Of the smaller telcos, Redstone is trapped in a financial straightjacket where it can’t generate sufficient cash to consider making significant acquisitions, Carse said.

This, therefore, pushes it toward one of two possible outcomes: either forge further partnerships with tier one players or look at the benefits of consolidation.

Carse said a merger or acquisition was still conceivable with Redstone, the shares of which have lost 85% of their value in the past 12 months, although it was more likely to be initiated by a tier one player who possessed “greater financial fire power.”

“The risks in the interim are significant, as are the rewards in the long run.

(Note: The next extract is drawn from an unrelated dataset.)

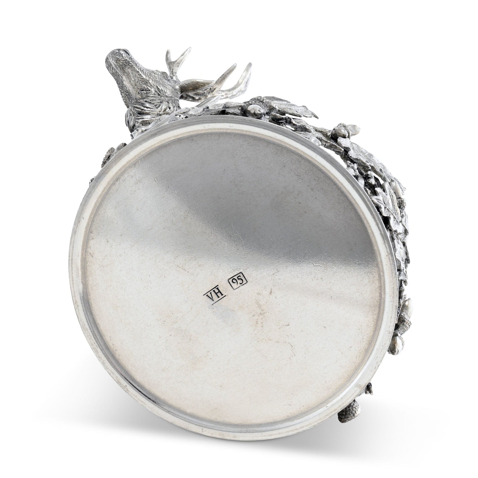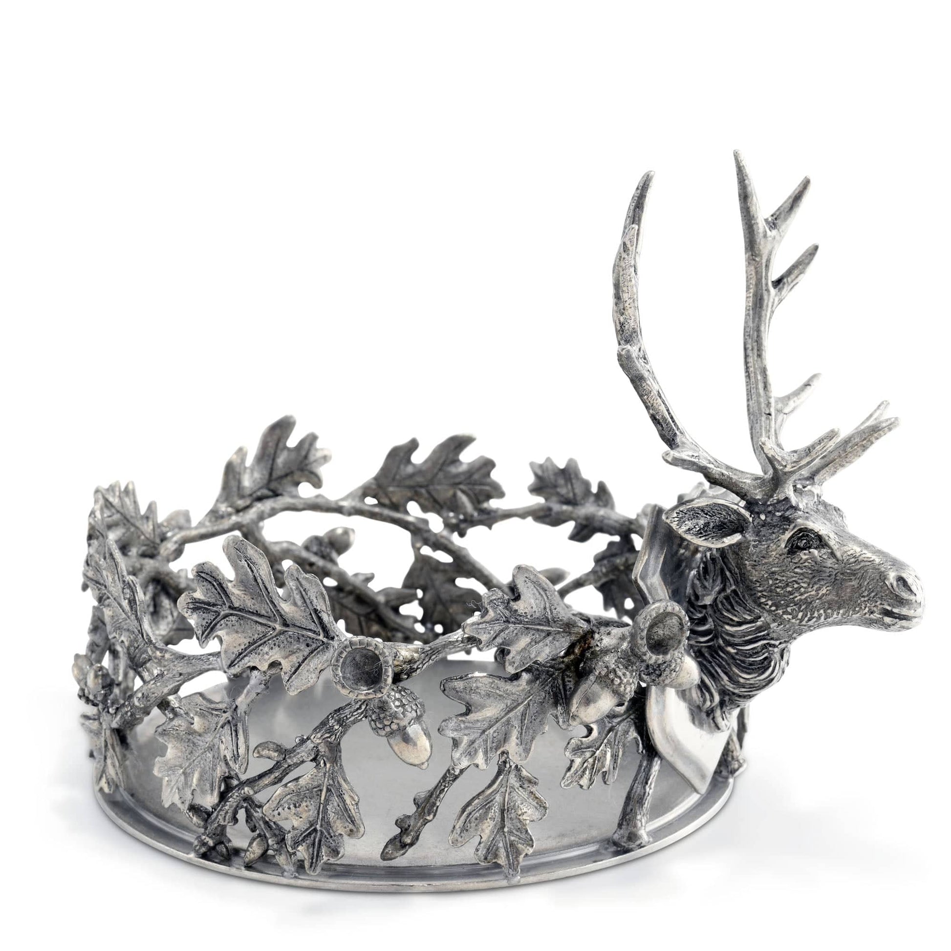 Bring rustic elegance to your table with this High-Quality Black Forest Design Coaster for Rustic Entertaining. Hand-cast in luxury grade pewter, it boasts intricate details of a charming acorn and oak leaf wreath surrounding a majestic 3-D stag head. Its generous size of 5"W x 7.75"L x 5.25"H lends itself perfectly for hosting fine wine nights or fancy country wine tastings.

However, there is no incentive to own the stock until those rewards are closer,” Darley said.

When asked Redstone didn’t wish to provide comment.

Analysts also cautioned about the dangers of “catching a falling knife.””If we’ve hit the bottom of the macro trend, then consolidation holds fewer perception risks,” said Darley, referring to the benefits of consolidation in an environment which would typically limit organic growth.

While the current market is still very uncertain, analysts are confident that there are benefits awaiting some smaller companies.”Apocalypse phase one, is passing,” said Darley.

“Direct company action on the balance sheets through initial and far-reaching cost-saving measures has resulted in more partnership deals and bespoke services, which has allowed them to reinforce their areas of business,” he said.

“There’s a proliferation of smaller telco companies which serve the SME market better than a tier one company can offer…investors should still be braced for volatility but understand that there are some highly cash-generative businesses on in this market trading at very much knocked-down prices,” Carse said.